John,
So long as Latinos's claim is a fair bilingualism, I think the US mainstream should not feel threatened. After all, former POWs Ramirez and Gonzalez seemed to feel at home in English when interviewed by the medias. Perhaps a better comparison with Belgium would be Canada: think of Belgian Flemings as of French-speaking Quebecois. Both take a hard line with the other half of the country (ie Walloons in Belgium and English-speaking Canadians in Canada) and both feel threatened by the other's cultural imperialism. I think that a similar tension might develop in California when an affluent Hispanic bourgeoisie will feel discriminated in its ''legitimate'' claims to the full range of power... Yet, is the American social fabric vulnerable to such shortcomings? I mean a corporate icon such as Coca-Cola Corp. has been run by a Cuban-American for a while and Hispanic people are no longer stereotyped as West Side Story's quarrelsome Puerto Ricans --or are they?

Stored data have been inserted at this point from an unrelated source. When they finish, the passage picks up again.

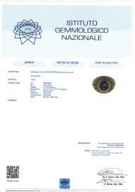 in oro giallo 18kt, impreziosito al centro da uno zaffiro taglio ovale di ct 3.60 circa, circondato da smeraldi taglio rotondo per ct 0.50 circa e diamanti taglio brillante per ct 1 circa, mis. 12/52, gr. 13. Corredato di certificato IGN del 08/04/2024 attestante l'origine della pietra e l'assenza di trattamenti termici.
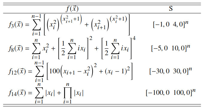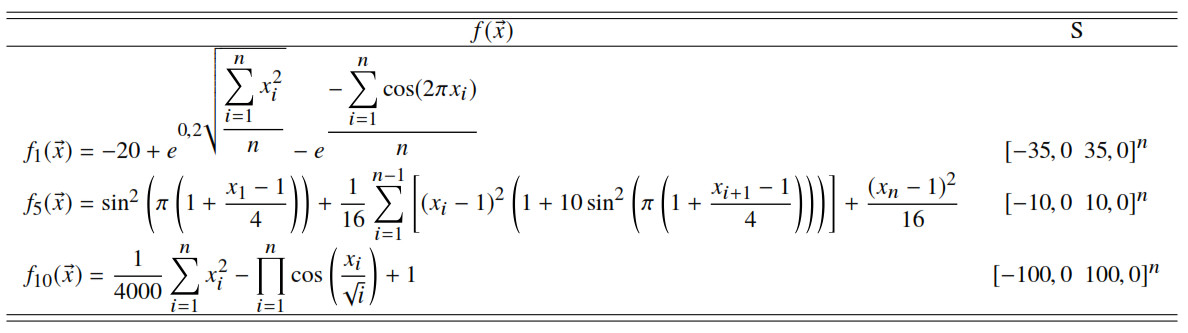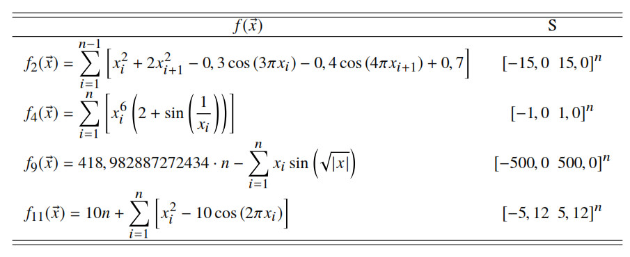 Se resolvieron problemas de optimización no lineal del tipo min sujeto a ∈ S ⊂ Rn, donde es la función objetivo, S representa el espacio de búsqueda y n el número de variables intervinientes. Los problemas tratados fueron consultados en [26], http://infinity77.net/global_optimization/index.html y http://www.sfu.ca/~surjano/optimization.html, siendo seleccionadas catorce instancias en atención a la modalidad y carácter separable de [26], tal y como se resume en las Tablas 5, 6, 7 y 8 mostradas a continuación.
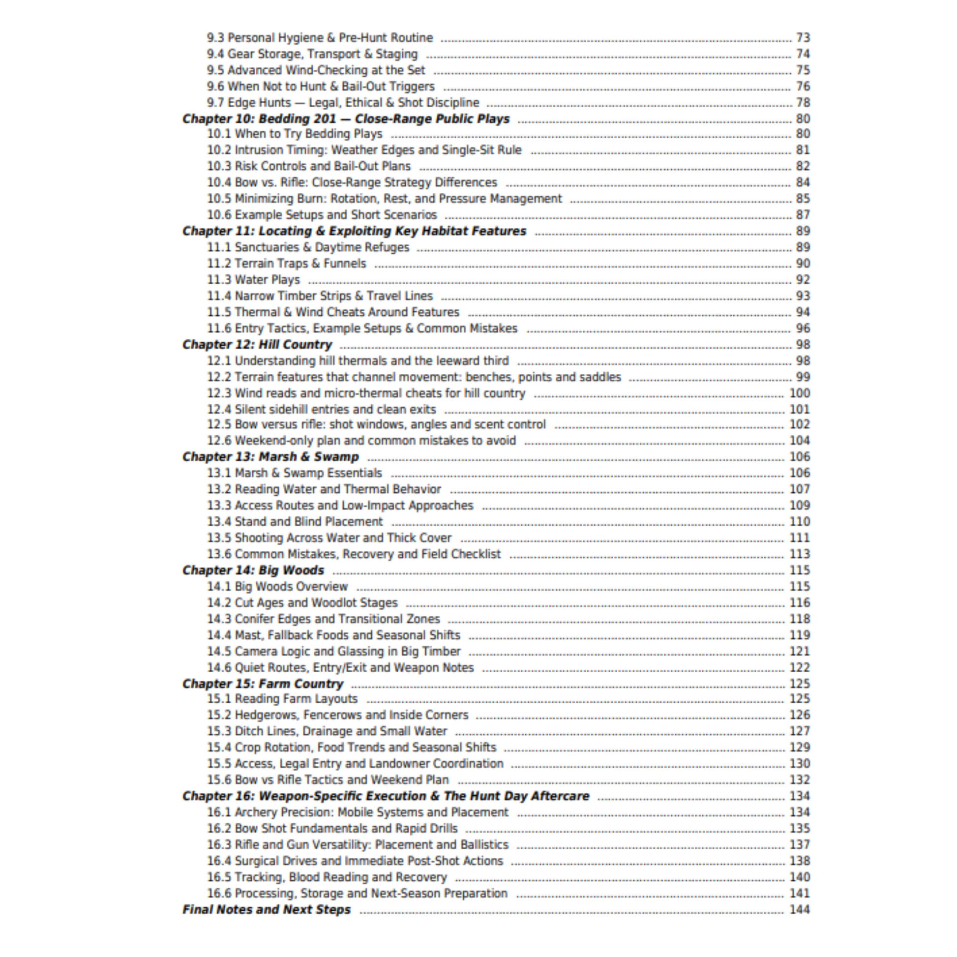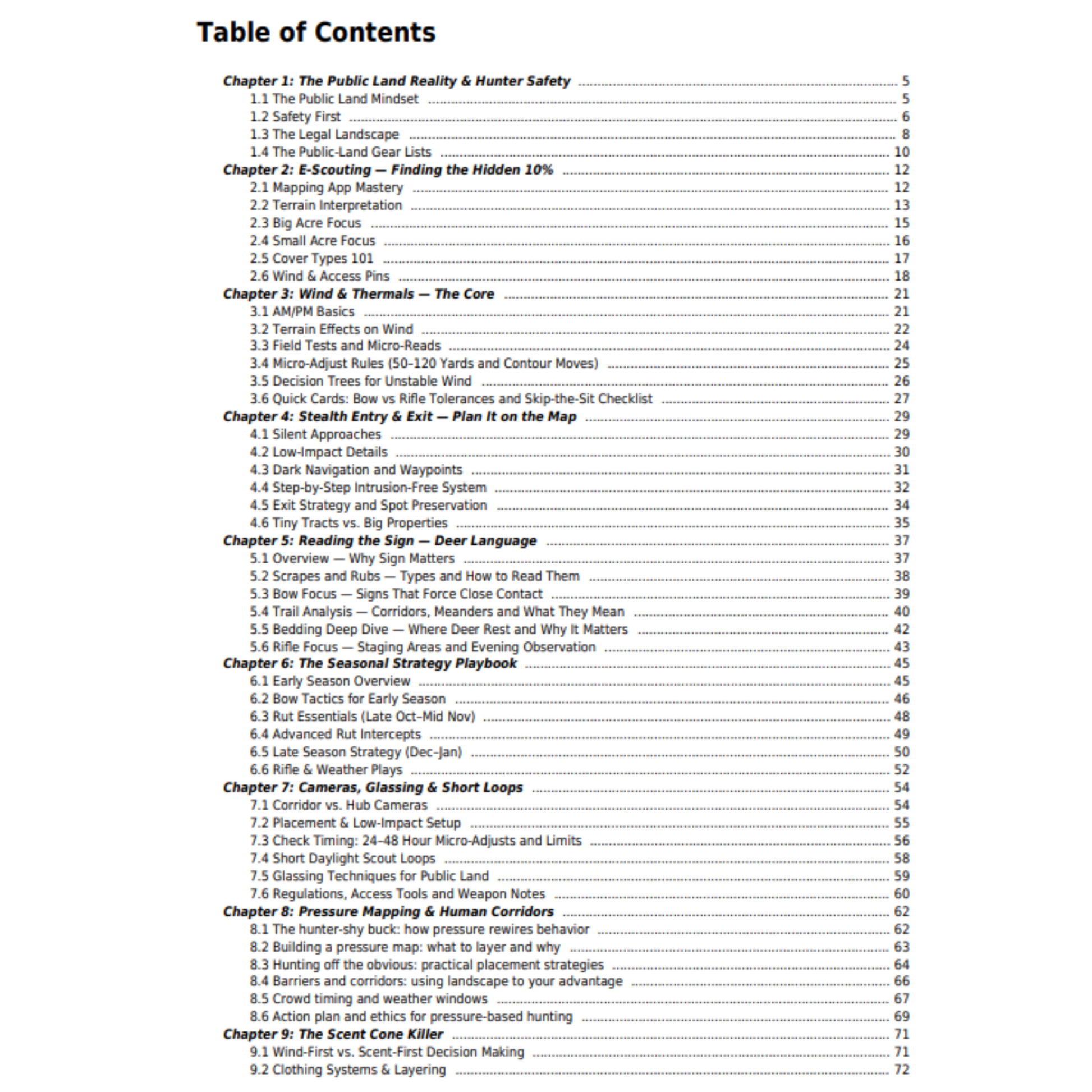 - Season Plans: early food plays, rut funnels & all-day sits, late-season thermal cover + calories.
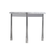 There is perfection in the imperfect shape of the honed Arabescato top on the Arris side table. Sitting on a polished stainless steel base, the table balances structure and movement, including shaped legs that tape out at the bottom.
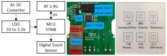 The block diagram and the PCB with its front panel of the control panel are demonstrated in Figure 6. The core component is an 8-key digital touch sensor, whose specification along with the main components are described in Table 5.
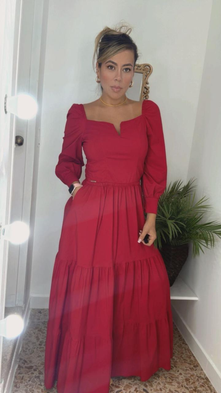 Vestido largo rojo con escote recto, abertura central y mangas puff. Femenino, elegante y llamativo, ideal para destacar en eventos especiales
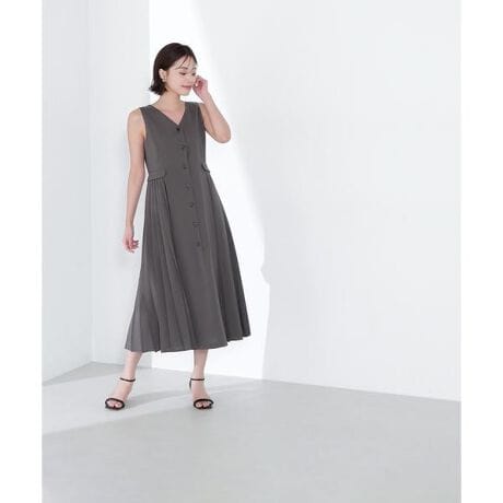 サイドプリーツを切り替えたデザインが印象的なジャンスカ。プリーツ切り替え部分には、斜めに飾りフラップポケットをアクセントに効かせたデザイン。ふわっと揺れるシルエットに、フロントの小さめスコッチ釦がポイントです。すっきりとしたVネックなのでコンパクトなインナーを合わせてレイヤードしたり、一枚着としてもコーディネートを楽しめます。<素材>さらっとドライタッチな合繊リネンライク素材を使用。<詳細>仕様・前ボタン裏地・あり透け感・なし / 光沢・なし / 伸縮性・ややあり 生地の厚さ・普通※モデルの着用画像の場合、光の当たり具合により、実際の色味と異なって見えることがございます。色味は、商品単体の画像をご参照ください。
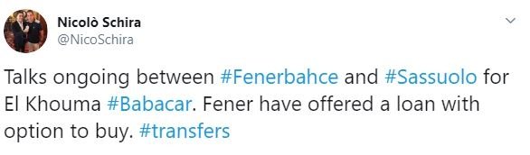 Süper Lig'de alternatifli kadro kurmak için çalışmalarını sürdüren Fenerbahçe'de son hamle Beşiktaş'ın da transfer listesinde bulunan Babacar oldu. İtalyan gazeteci Nicolo Shira'nın haberine göre sarı-lacivertli ekip Sassuolo'nun golcüsü Khouma Babacar için satın alma opsiyonlu kiralama teklifini iletti.
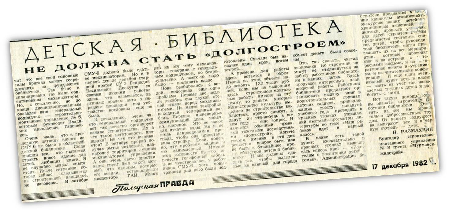 В памятном для библиотеки 1982 году принимается решение о строительстве для учреждения отдельного здания. 14 сентября 1982 года в «Полярной правде» появилась первая статья, где говорилось о том, что мурманских ребятишек в скором времени встретят в прекрасных залах новой, современной, технически оснащенной библиотеки. Долго выбирали место. Наконец, началось строительство. Но процесс затянулся и в 1986 году строительство Областной детской библиотеки объявляется ударной комсомольской стройкой.

That's one big divide between the European citizenship and the American's: in Germany, it's a ''blood'' matter --that is, if your parents aren't German, you just don't qualify. In France, integration is easier although more stringent than in the US since the French have coined the very special concept of Republique. Such a concept calls for a would-be French citizen to jettison everything (religion, language, morals, clothes, etc.) that doesn't smoothly fit with France's valeurs republicaines (republican values). In short, a good immigrant is an immigrant that's doing his/her best to completely assimilate with the host society. All the other European countries have an integration protocol between the French's and the German's.
Maybe a strength of the US model is that minorities are allowed some latitude as far as their cultural legacies are concerned. But such a cultural leniency to minorities has always been felt as a threat to the national unity by the European bourgeoisie at large. Europe doesn't want ghettoes, whether they are cultural, ethnic, religious, or classist ones. Instead, our motto is One size, one color, one flavour, and one price fit all the citizens.